> Problem requirements
Would you copy the lines below exactly and omit the images?

*** Block opens ***

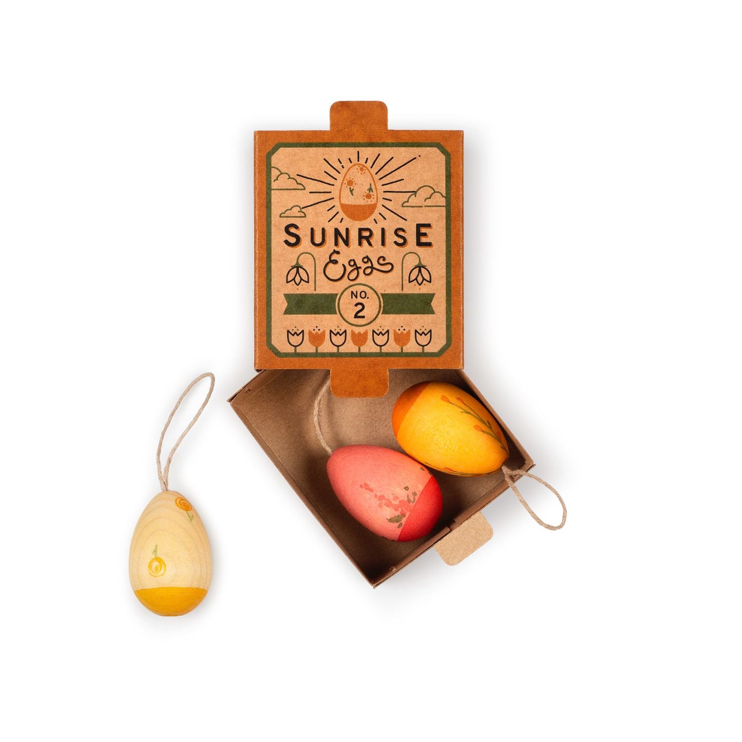 Add a warm and inviting touch to your Easter celebrations with the beautifully handcrafted Grapat Sunrise Eggs. This set of three wooden ornaments comes in soft, glowing tones—gentle shades of yellow, red, and orange—bringing the warmth of a spring sunrise into your home. Hand-painted with eco-friendly, water-based dyes, they allow the natural beauty of the wood grain to shine through—no plastic, just pure, sustainable loveliness.
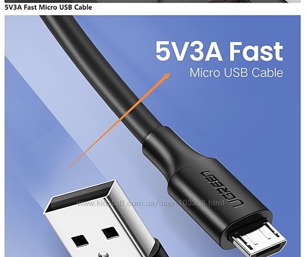 Подробное описание: Новый кабель Ugreen micro usb, для быстрой зарядки QC 3.0 и передачи данных
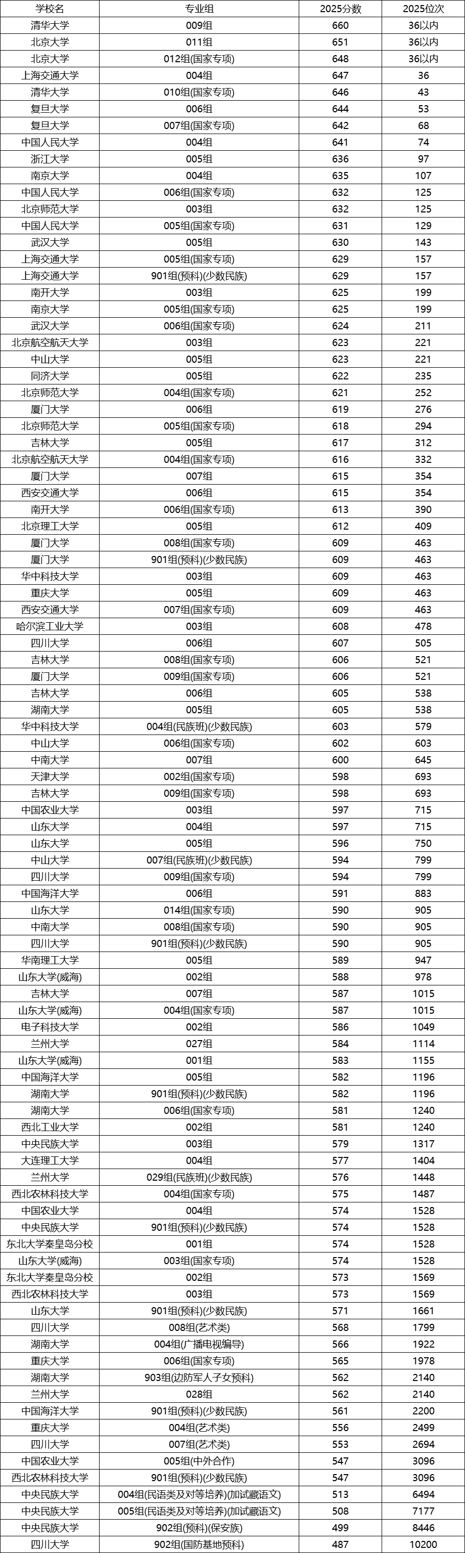 以下是全国39所985大学2025年在甘肃高考历史类本科批的最低录取分数线及位次汇总,2026年甘肃历史类考生请参考:
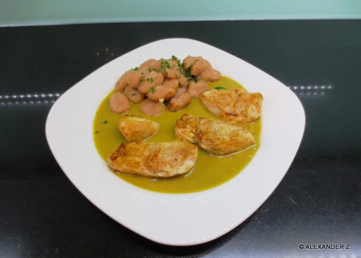 Zwischenzeitlich das Fleisch in kleine Stücke scheiden mit Salz, Pfeffer und etwas Paprikapulver würzen und in einer beschichteten Pfanne anbraten. Daneben gleich die Gnocchi ins kochende Salzwasser geben und für ca. 10 min kochen lassen.
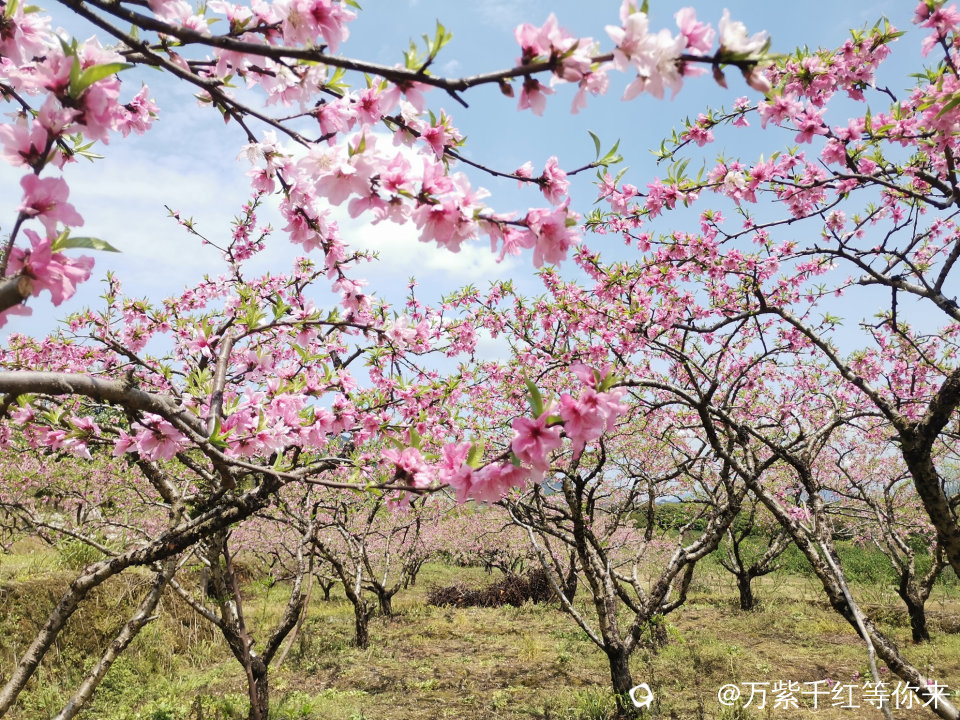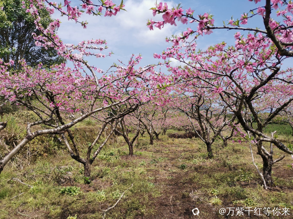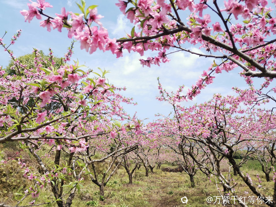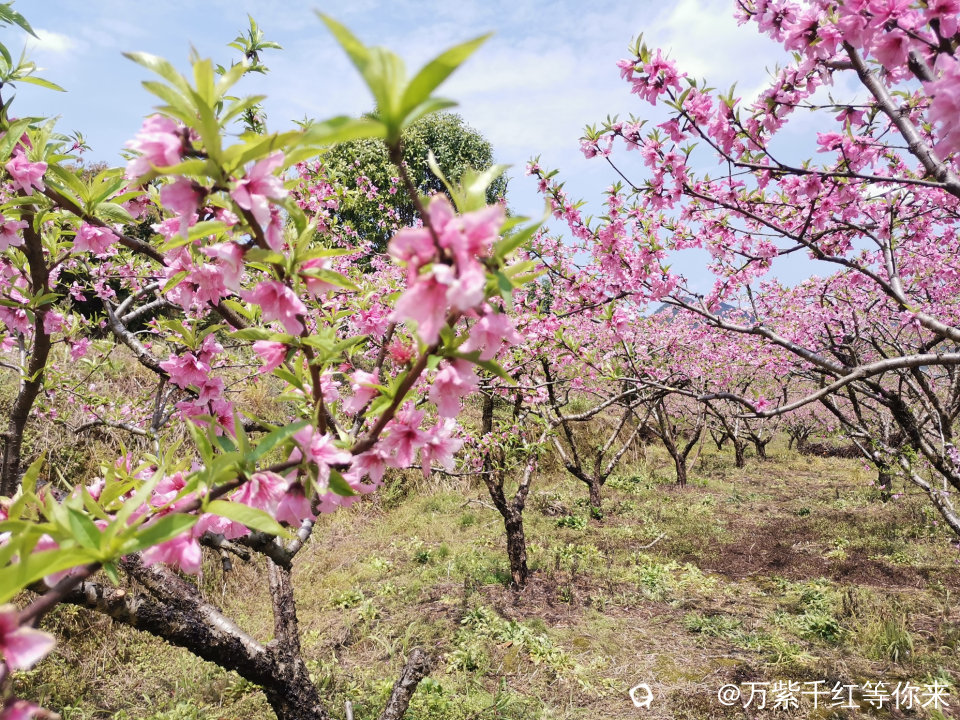 放眼望去,田野里桃树成林,红的粉的缀满枝头;在青翠嫩绿的绿叶映衬下,更显得鲜艳娇美。时不时吸引着蜜蜂,飞来飞去采蜜忙;还有那蝴蝶也翩翩起舞,围着花朵跳起了优美的舞蹈。
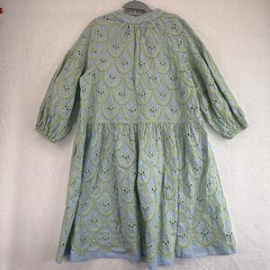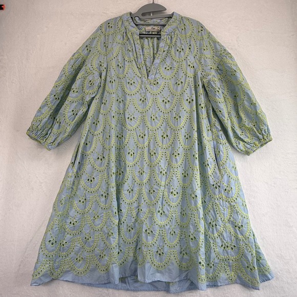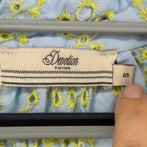 Devotion Twins Amorgos Women's Blue & Yellow Eyelet Embroidered Dress - Small

*** Block closes ***

> Solved problem
 Add a warm and inviting touch to your Easter celebrations with the beautifully handcrafted Grapat Sunrise Eggs. This set of three wooden ornaments comes in soft, glowing tones—gentle shades of yellow, red, and orange—bringing the warmth of a spring sunrise into your home. Hand-painted with eco-friendly, water-based dyes, they allow the natural beauty of the wood grain to shine through—no plastic, just pure, sustainable loveliness.
 Подробное описание: Новый кабель Ugreen micro usb, для быстрой зарядки QC 3.0 и передачи данных
 以下是全国39所985大学2025年在甘肃高考历史类本科批的最低录取分数线及位次汇总,2026年甘肃历史类考生请参考:
 Zwischenzeitlich das Fleisch in kleine Stücke scheiden mit Salz, Pfeffer und etwas Paprikapulver würzen und in einer beschichteten Pfanne anbraten. Daneben gleich die Gnocchi ins kochende Salzwasser geben und für ca. 10 min kochen lassen.
 放眼望去,田野里桃树成林,红的粉的缀满枝头;在青翠嫩绿的绿叶映衬下,更显得鲜艳娇美。时不时吸引着蜜蜂,飞来飞去采蜜忙;还有那蝴蝶也翩翩起舞,围着花朵跳起了优美的舞蹈。
 Devotion Twins Amorgos Women's Blue & Yellow Eyelet Embroidered Dress - Small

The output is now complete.